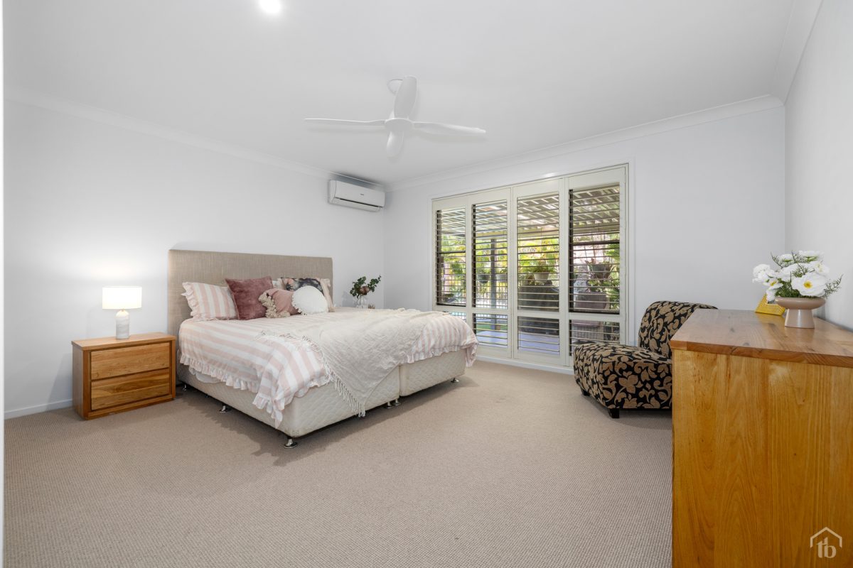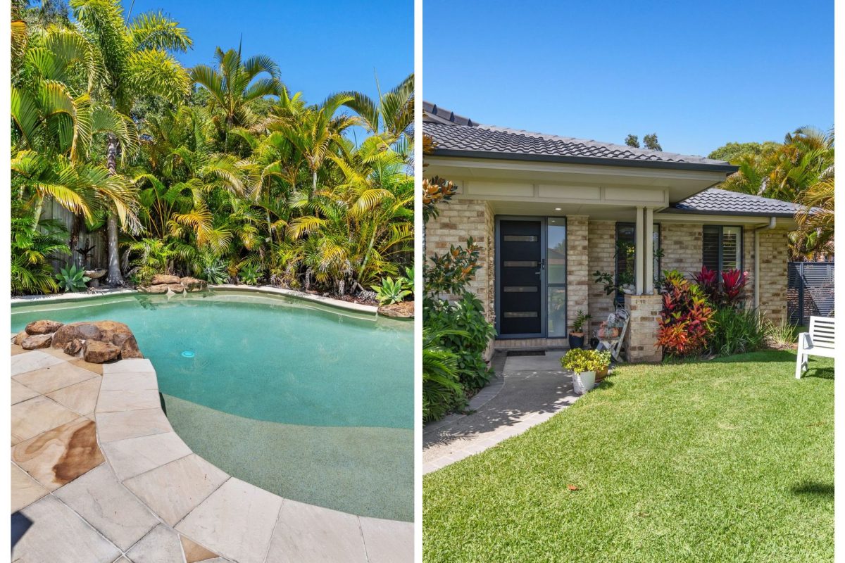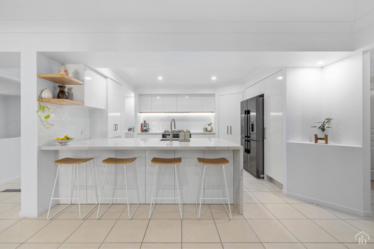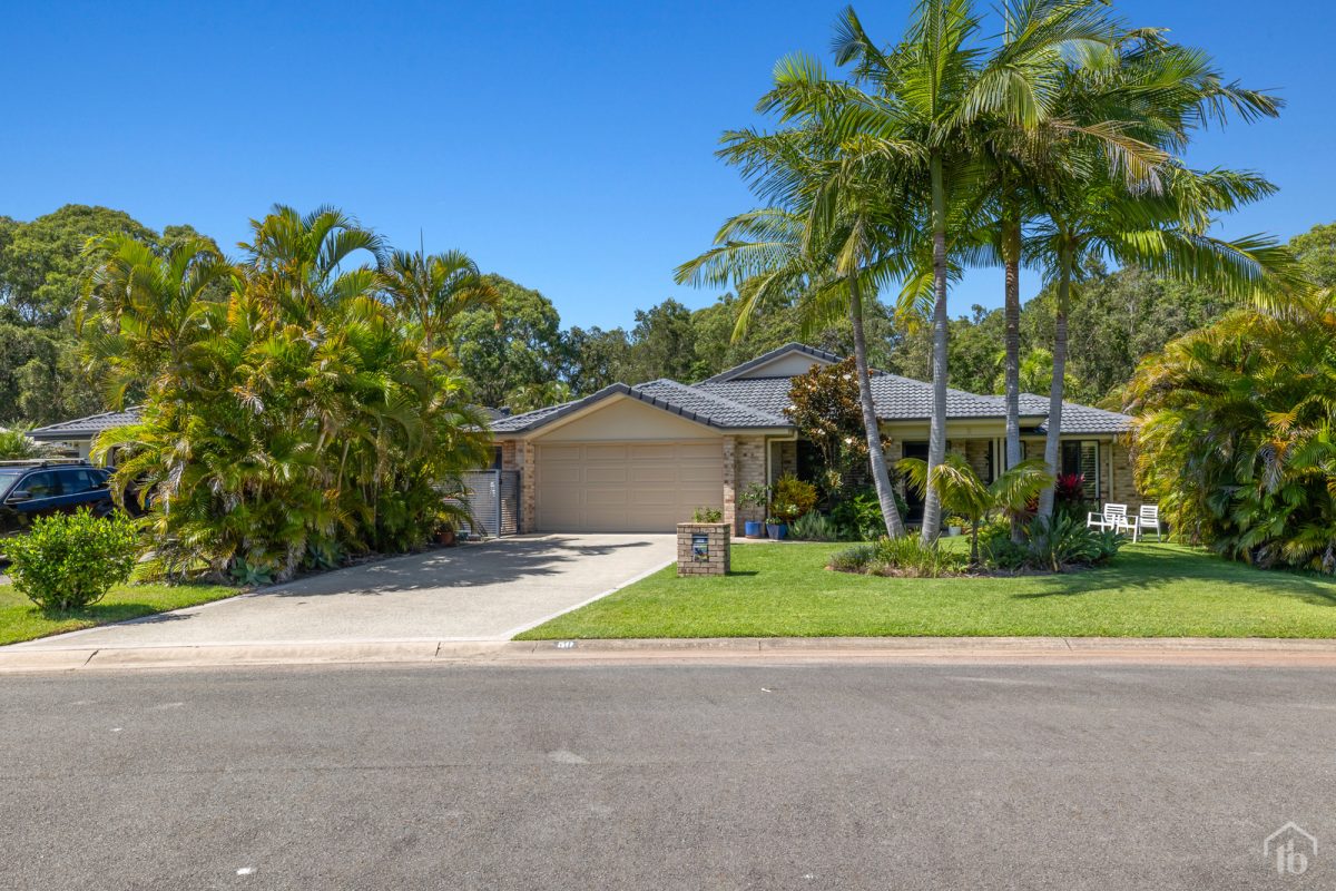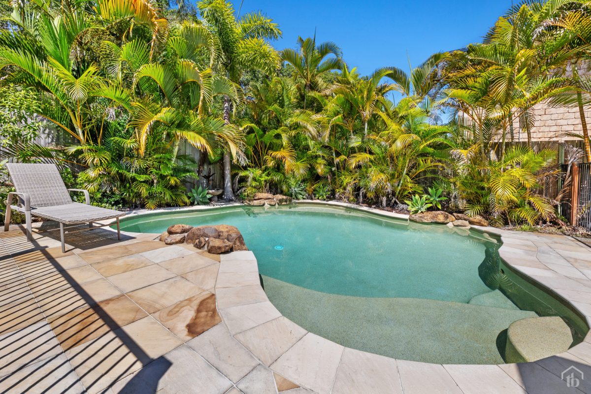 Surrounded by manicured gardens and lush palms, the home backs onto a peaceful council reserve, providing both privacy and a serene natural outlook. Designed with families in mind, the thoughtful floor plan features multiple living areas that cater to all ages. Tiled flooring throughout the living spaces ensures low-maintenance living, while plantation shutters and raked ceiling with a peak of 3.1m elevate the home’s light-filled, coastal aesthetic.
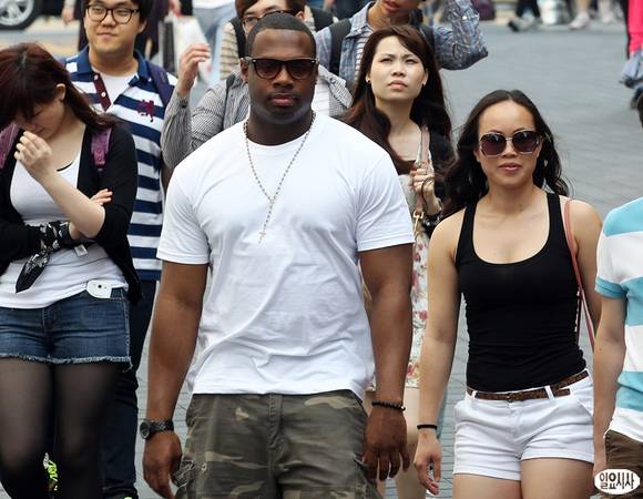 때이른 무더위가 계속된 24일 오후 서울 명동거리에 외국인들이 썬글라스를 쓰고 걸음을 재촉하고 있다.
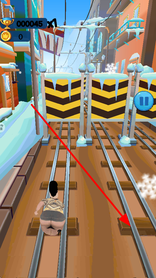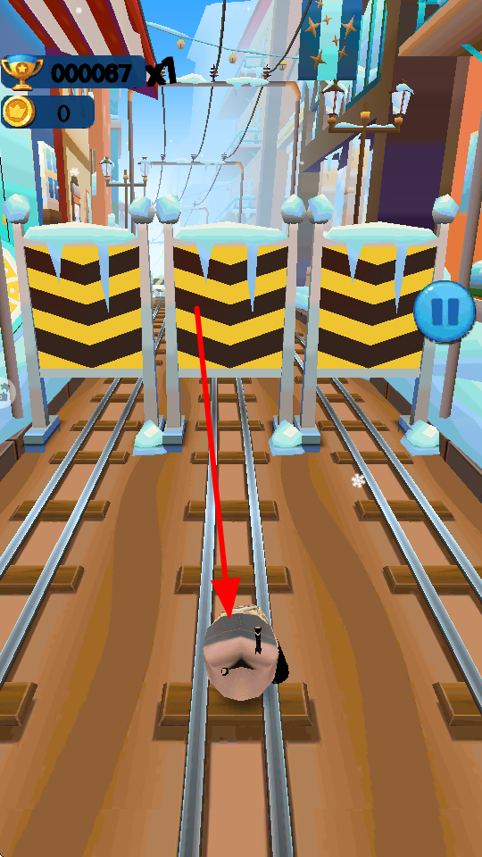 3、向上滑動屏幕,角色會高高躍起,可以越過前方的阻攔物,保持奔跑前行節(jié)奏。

# ACTIVITY
All of the material must be given again exactly, though no picture may appear in the copy.

# ANSWER TO THE PROBLEM
 Surrounded by manicured gardens and lush palms, the home backs onto a peaceful council reserve, providing both privacy and a serene natural outlook. Designed with families in mind, the thoughtful floor plan features multiple living areas that cater to all ages. Tiled flooring throughout the living spaces ensures low-maintenance living, while plantation shutters and raked ceiling with a peak of 3.1m elevate the home’s light-filled, coastal aesthetic.
 때이른 무더위가 계속된 24일 오후 서울 명동거리에 외국인들이 썬글라스를 쓰고 걸음을 재촉하고 있다.
 3、向上滑動屏幕,角色會高高躍起,可以越過前方的阻攔物,保持奔跑前行節(jié)奏。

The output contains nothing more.